1977–1984 secret police operation in Czechoslovakia

Akce Asanace (English: Sanitation Act) was the cover name for a Czechoslovak StB (secret police) operation in the late 1970s and early 1980s, with which the Communist regime tried to force inconvenient people, especially signatories of Charter 77, to leave the country. Various forms of psychological and physical coercion and blackmail were used, including forcing individuals to emigrate. Prominent individuals against whom this was used include Milan Hlavsa, Vratislav Brabenec, Vlastimil Třešňák, Jaroslav Jeroným Neduha, Jaroslav Hutka, Svatopluk Karásek, Václav Malý, Karol Sidon, Petr Cibulka, and Pavel Landovský.

==Origin and progression==
On 21 December 1977, then-Minister of the Interior, Jaromír Obzina, issued an order to "achieve the complete disintegration and isolation of the main organizers of Charter 77 from other signatories, and the selected organizers of this event to be evicted from the Czechoslovak Republic". The StB focused especially on younger and lesser-known dissidents, because they were not so visible and their persecution did not provoke significant protest. Common methods of coercion were physical violence and blackmail. For those who agreed to emigrate, the StB ensured that all necessary formalities were completed without complications. Pressure peaked between 1980 and 1981, as the government was afraid the Charter 77 movement would join forces with Poland's nascent Solidarity.

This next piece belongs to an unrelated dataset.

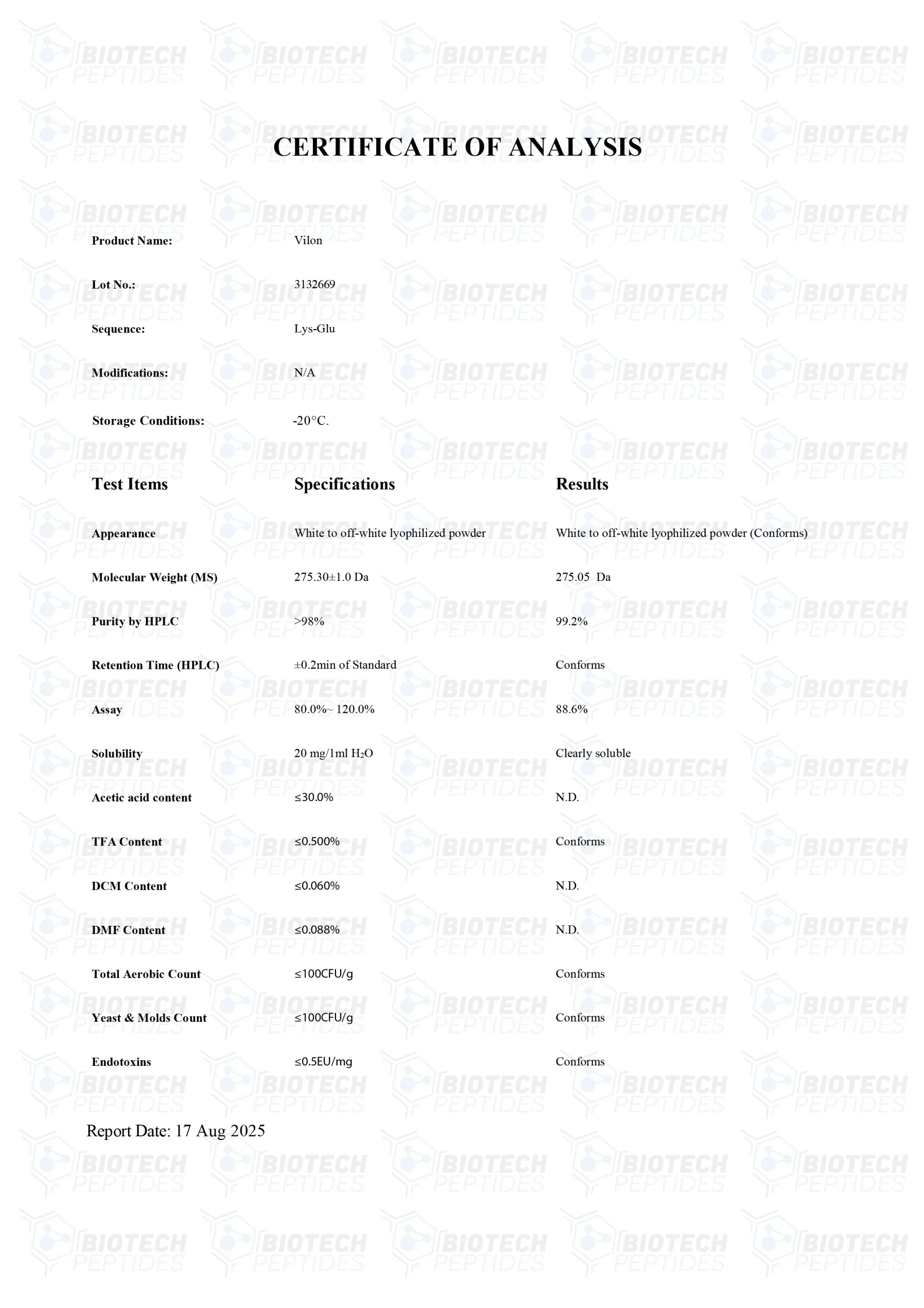 Vilon (Lys-Glu) 20mg – Research Peptide

In all, 280 signatories of Charter 77, i.e., about 15% of the total number, were forced to emigrate, including ten members of the Committee for the Defense of the Unjustly Prosecuted (VONS). The operation also swept up dissidents that had not signed the charter, such as Radko Pavlovec, a noted anti-fascist activist who had been imprisoned between 1952 and 1960 at the Jáchymov labor camp. Akce Asanace ended in 1984 and was followed by a similar operation, named Akce Klín.

==Aftermath and trials==
In 1999, criminal trials of several politicians and members of the StB associated with Akce Asanace began and continue to this day. Jaromír Obzina escaped conviction, as he died in January 2003. Most of those convicted have received suspended sentences. In September 2021, courts recognized four additional StB employees who had persecuted Charter 77 signatories such as Vratislav Brabenec of The Plastic People of the Universe and Jaroslav Jeroným Neduha of Extempore, though their verdicts have not been finalized yet.

==Popular usage==
The term "Asanace" has been used in contexts that refer to government persecution or prohibition, as in the case of Asanace2, a call for the Czech government to legalize the use and growing of cannabis products.